Distributed Tracing Across Micro-Frontends #
When a host shell and its federated remotes each initialize their own tracer, a single user click produces several disconnected traces instead of one — making it impossible to follow a request across the boundary. This guide shows how to share one OpenTelemetry tracer as a singleton across the host and remotes, propagate the W3C traceparent header, and wrap remote mount/load in child spans so every interaction yields a single connected trace exported to your collector.
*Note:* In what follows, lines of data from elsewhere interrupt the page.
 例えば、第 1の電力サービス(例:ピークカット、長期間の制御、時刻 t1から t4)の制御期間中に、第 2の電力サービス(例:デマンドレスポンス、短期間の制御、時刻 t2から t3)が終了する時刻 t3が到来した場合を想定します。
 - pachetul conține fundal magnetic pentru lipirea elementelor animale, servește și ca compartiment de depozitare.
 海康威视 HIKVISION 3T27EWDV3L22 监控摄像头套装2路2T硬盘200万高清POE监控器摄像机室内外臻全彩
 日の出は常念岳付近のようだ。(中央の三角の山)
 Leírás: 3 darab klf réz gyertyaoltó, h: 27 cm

Why one shared tracer matters #
In a Module Federation setup the host loads remotes at runtime, and each remote ships its own JavaScript. If each bundle calls WebTracerProvider on its own, you get two tracer providers in one tab. Their spans never share a parent, the traceparent header is generated by whichever provider happens to fire first, and your collector shows orphaned root spans.
The fix is structural: the host owns the tracer, exposes it on a well-known global, and remotes look it up instead of creating their own. This mirrors how you treat any shared runtime dependency in a federated app — exactly one instance, owned by the host, reused everywhere.
Prerequisites #
- A host (shell) and at least one remote, wired with Module Federation (Webpack 5 or Vite).
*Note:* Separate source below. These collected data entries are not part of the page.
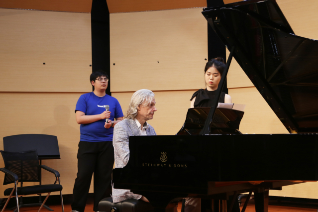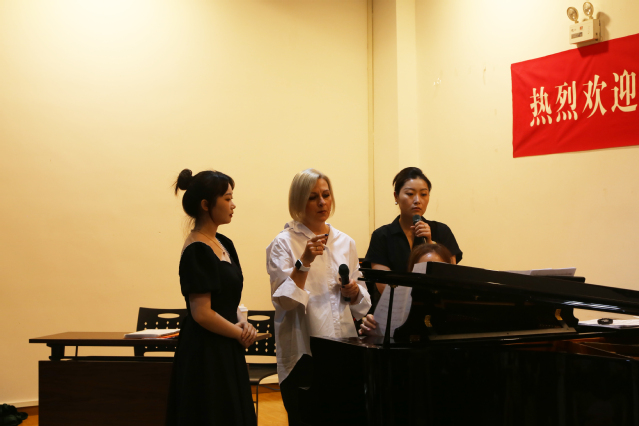 交流会后,安德烈•皮萨列夫教授和叶卡捷琳娜•斯古斯尼琴科教授分别为师生开展钢琴和声乐大师班讲学。他们一对一为学员进行了《杜姆卡》《茶花女》《费加罗婚礼》等多首名曲及歌剧选段的指导,现场针对学员演奏和演唱曲目出现的问题进行一一指正、详细讲解,亲自示范演奏、演唱技法,使现场师生获益匪浅。
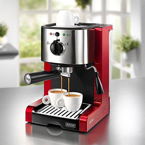 Espresso-Siebträgermaschine mit 15 bar in brillantrot
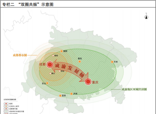 一是“在强化成渝‘双核’联动联建上实现更大突破”。这项任务又有三大重点:1.加强重庆中心城区与成都市功能衔接,2.推动重庆都市圈与成都都市圈协同互动,3.辐射带动全域发展。“双核”独大依旧是成渝地区双城经济圈的重要区情,2021年重庆、成都分别实现 2.79 万亿元、1.99 万亿元的生产总值,位列全国第 5 位、第 7 位,两地合计GDP 占西部地区的19.9%。
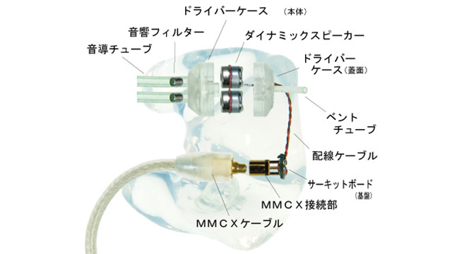 同社カスタムIEMの特徴である、高い遮音性とフィット感を実現するフルシリコンシェルの中に、「音楽用としては最小クラス」という5mmダイナミックドライバーを2基内蔵する。ドライバーはベント(空気穴)付きの専用ケースに収めた上でシリコン内に埋め込む構造を取っており、振動板を適切に動作させるための空間を確保している。
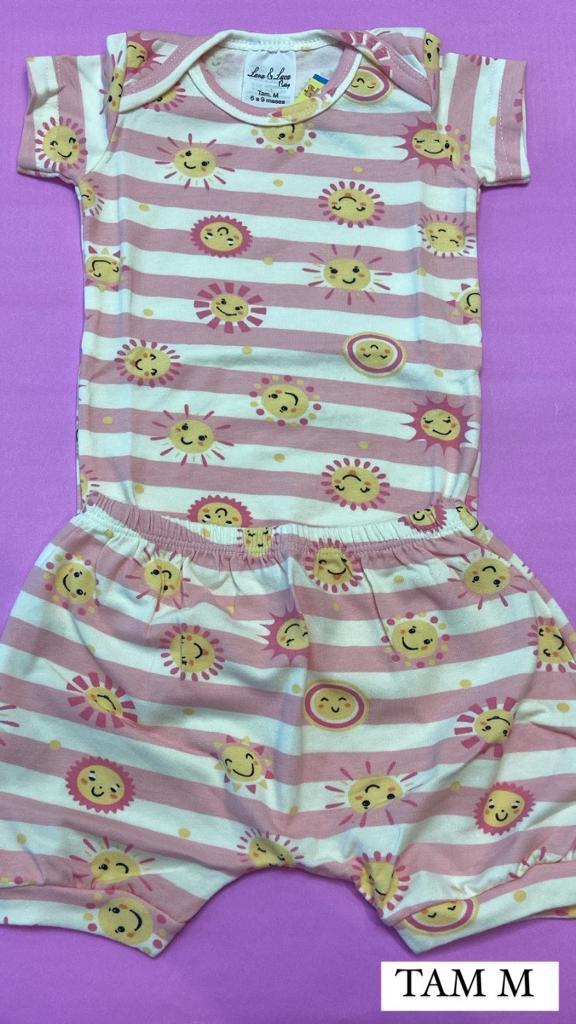 conjunto de body rosa com estampa de sol, lindo para o verão!
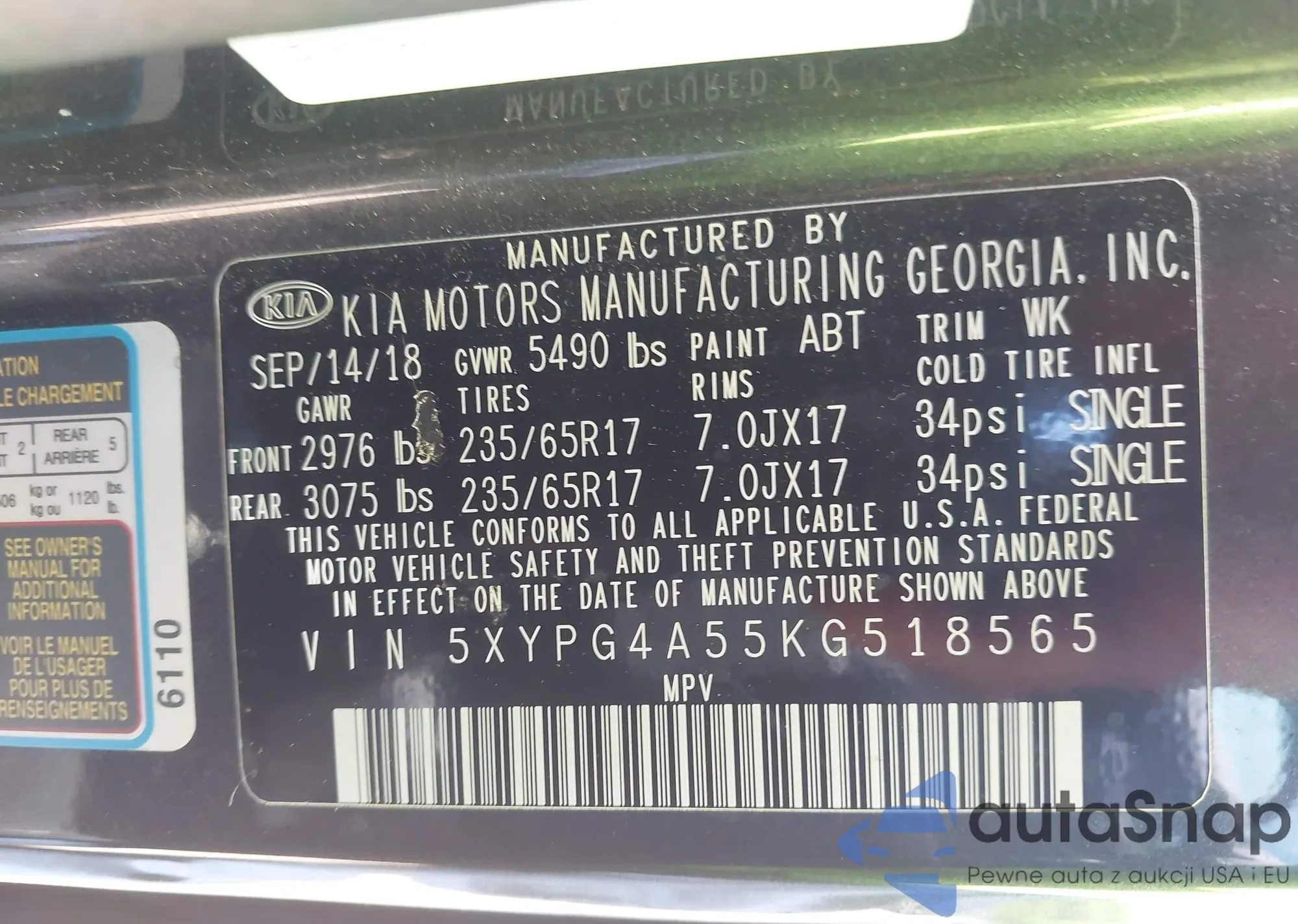 • VIN 5XYPG4A55KG518565
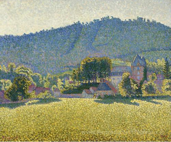 Nous vous proposons une reproduction artisanale sur toile du célèbre tableau 'Comblat et la vallée du cere' de Paul Signac, provenant du Musée de la Reproduction.
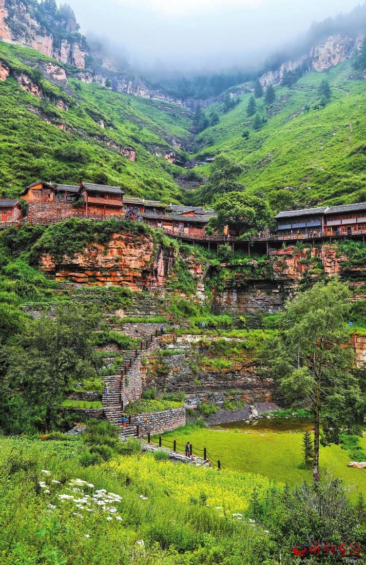 基巖構造、河谷沖擊、垂直生態(tài)、冷涼氣候……有別于他處的雋永靈秀,寧武之境實乃神來之筆。懸空村位于寧武縣管涔山深處,現(xiàn)為蘆芽山風景區(qū)的一個景點,因村莊懸于峭壁之上而稱奇。村里多以石頭和木材建房,村中唯一道路是由圓木搭起的空中棧道,行于其上,猶如走在半空,從崖底仰望,似空中樓閣,故而得名。
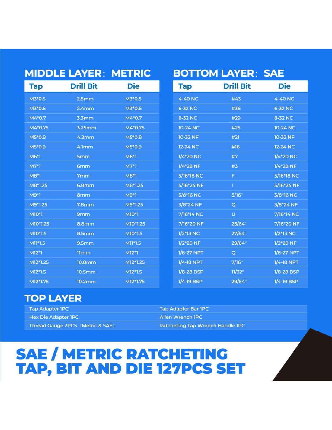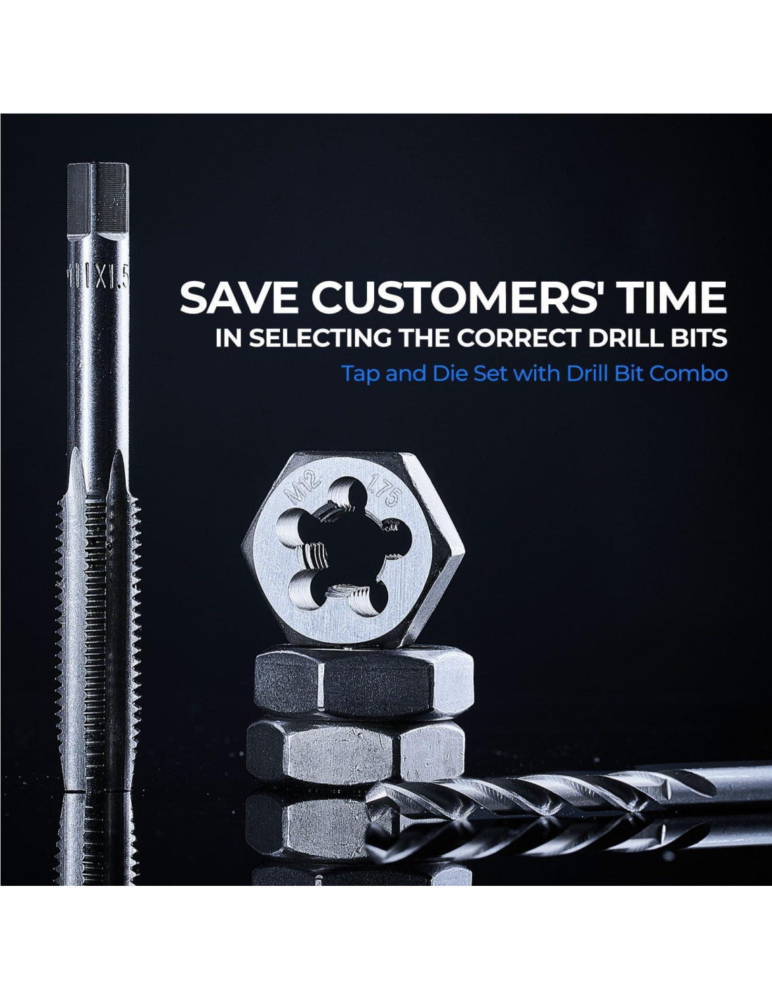 - AHORRANDO TIEMPO A LOS CLIENTES en seleccionar las brocas correctas - el juego de machos y matrices toolant sae métrico está equipado con brocas de tamaños correspondientes para diferentes machos, reduce el tiempo de aprendizaje de los clientes, no es necesario verificar repetidamente la tabla correspondiente, lo que evita problemas de producción debido a brocas faltantes o desajustadas, mejorando aún más la eficiencia de producción y reduciendo costos;

- Node 18+ and these packages installed in the host only:
npm install @opentelemetry/sdk-trace-web \
@opentelemetry/context-zone \
@opentelemetry/exporter-trace-otlp-http \
@opentelemetry/instrumentation \
@opentelemetry/instrumentation-fetch \
@opentelemetry/instrumentation-xml-http-request \
@opentelemetry/resources \
@opentelemetry/semantic-conventions- An OTLP-compatible collector reachable from the browser (an OpenTelemetry Collector with the
otlphttp/httpreceiver, or a vendor endpoint). Assume it listens athttp://localhost:4318for local development. - The remotes do not install the SDK. They depend only on the small accessor from Step 2.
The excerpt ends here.